It takes time for economies to re-adjust and re-structure. Debt loads have to be worked down. Labor must be re-trained. Legacy capital must be replaced with physical capital more attuned to the age. And, continued monetary and fiscal pressure only delays such adjustment and makes American commerce less competitive. (See “U. S. Falls in Ranks of World Economy,” http://professional.wsj.com/article/SB10001424052748704362404575480023901940654.html?mod=ITP_pageone_4&mg=reno-wsj.)

Furthermore, the existing panic in United States policy making, both monetary and fiscal, is creating a world exactly the opposite of what policy makers seem to be attempting to achieve. For example, the Fed’s low interest rate policy is subsidizing the largest financial institutions and creating a world where more and more of the banking assets in America will be controlled by the largest banks. Currently, the largest 25 domestic commercial banks control 67% of the assets of the banking system. Analysts believe that this will go to 75% or 80% in the next five years.

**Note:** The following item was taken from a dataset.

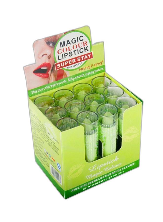 مجموعة من 12 قطعة من أحمر الشفاه الأخضر المتغير اللون.

In addition, the ranks of the middle class are dwindling. The low interest rate policy of the Fed has encouraged big companies, big banks, and the wealthy to borrow but these borrowers are just sitting on the cash waiting to engage in an acquisition binge once the economy starts to pick up steam. The middle class? Well, the middle class, those that have paid their bills, who have stay married and worked hard throughout their lives and have saved: this middle class is facing the fact that they will earn next to nothing on their savings. (See “Falling Rates Aid Debtors, but Hurt Savers,” http://www.nytimes.com/2010/09/09/business/economy/09rates.html?_r=1&hp.)

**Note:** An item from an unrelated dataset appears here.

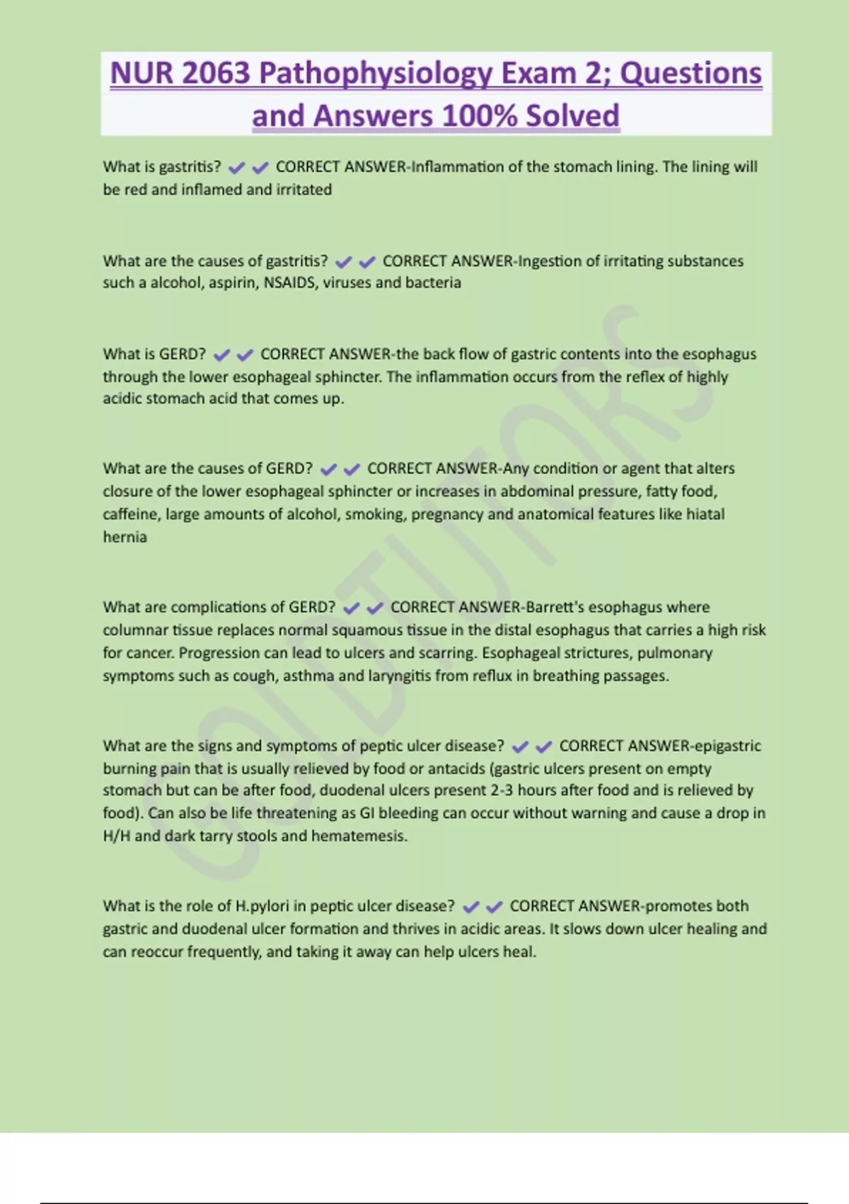 NUR 2063 Pathophysiology Exam 2; Questions and Answers 100% Solved What is gastritis? CORRECT ANSWER-Inflammation of the stomach lining. The lining will be red and inflamed and irritated What are the causes of gastritis? CORRECT ANSWER-Ingestion of irritating substances such a alcohol, aspirin, NSAIDS, viruses and bacteria What is GERD? CORRECT ANSWER-the back flow of gastric contents into the esophagus through the lower esophageal sphincter. The inflammation occurs from the reflex of highly acidic stomach acid that comes up.

United States policy makers, in an attempt to stay in office, have advocated monetary and fiscal policies aimed at putting people back to work and making it easy for these people to buy “things”, especially houses. They continue to follow such “populist” policies in order to get re-elected and maintain their power. Both parties are guilty. (See my “Wall Street Greed vs. Washington Greed,” http://seekingalpha.com/article/219804-wall-street-greed-vs-washington-greed.)
The speech given recently by President Obama offering $350 billion in new economic stimulus, even though some of this is aimed at “longer term” projects, appears to be an example of just another politician experiencing the panic that comes with an upcoming election.

Wednesday, July 14, 2010

Liqudity Traps are For Real

When I was studying economics, the idea that an economy might face a “liquidity trap” seemed absurd. Basically, the concept of the liquidity trap was that the monetary authorities could not “push on a string”. In other words, the liquidity trap represented a time when the central bank could inject a large amount of reserves into the banking system and people (and businesses) would prefer to hold more money than to hold debt. Thus, funds could not get into the bond market which would mean that businesses would not invest in inventories, plant, or, equipment, and the economy would stay mired at a low rate of activity.

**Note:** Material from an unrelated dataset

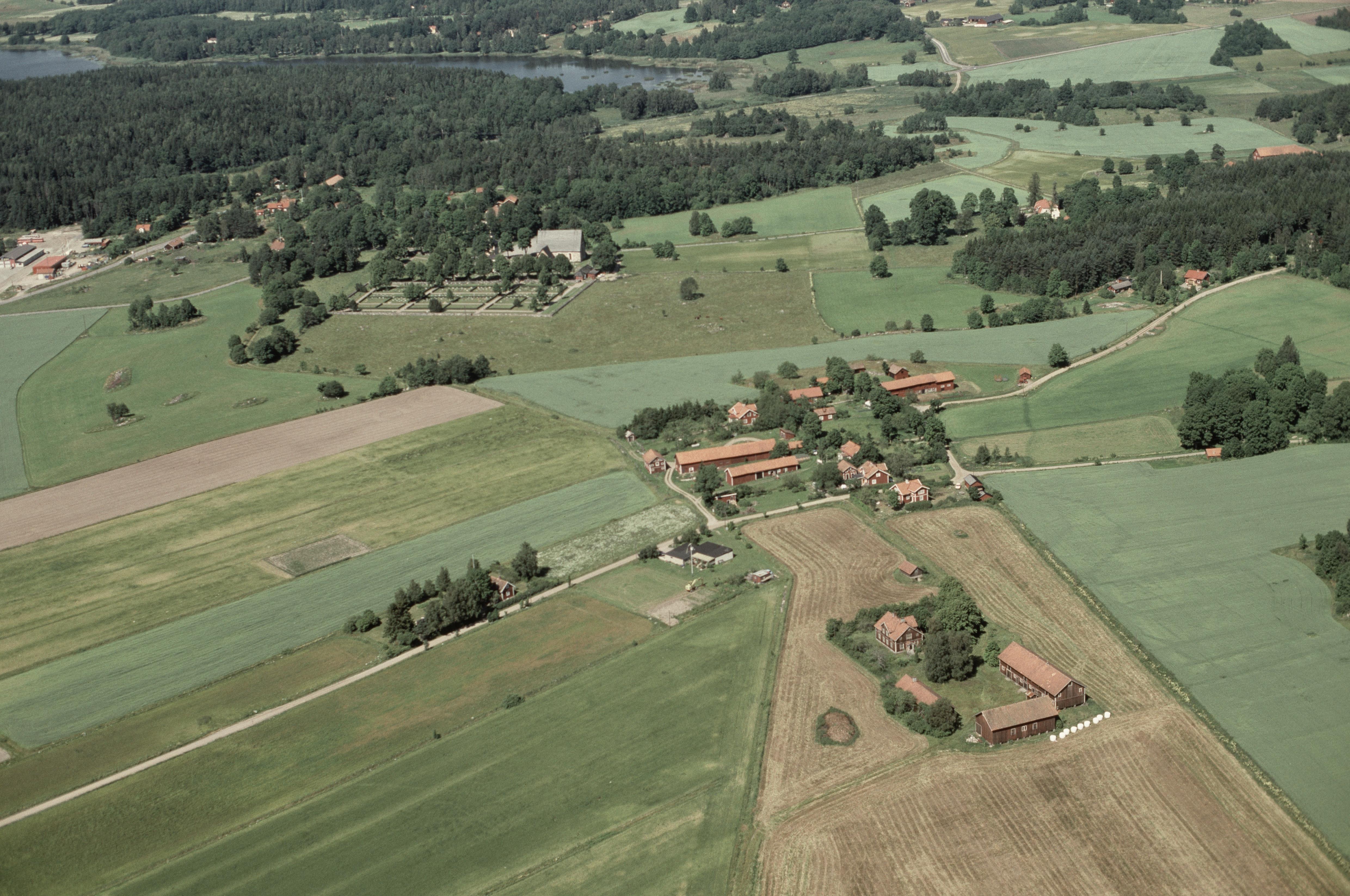 Beskrivning: Liesta by. Över bildens mitt Rimbo kyrka och kyrkby. Uppe till vänster sjön Syningen. Bilden är tagen mot (väderstreck): N

This was why deficit spending on the part of the government was necessary, at least for those following the Keynesian dogma, because it was the only way to increase aggregate demand and re-charge economic activity.

Well, we are in a liquidity trap. The Federal Reserve has injected more than $1.0 trillion of excess reserves into the banking system and has kept short-term interest rates close to zero. And, commercial banks have not lent these excess reserves so they continue to rest on the balance sheets of the banking system. The question is, what needs to be done next?

Furthermore, the government has tried deficit spending to spur on the economy, but this effort seems to have had a less-than-dramatic impact on the economic recovery now seemingly underway. Keynesian dogmatists argue vociferously that the problem is that the government has not spent enough…that the Obama administration has been too timid.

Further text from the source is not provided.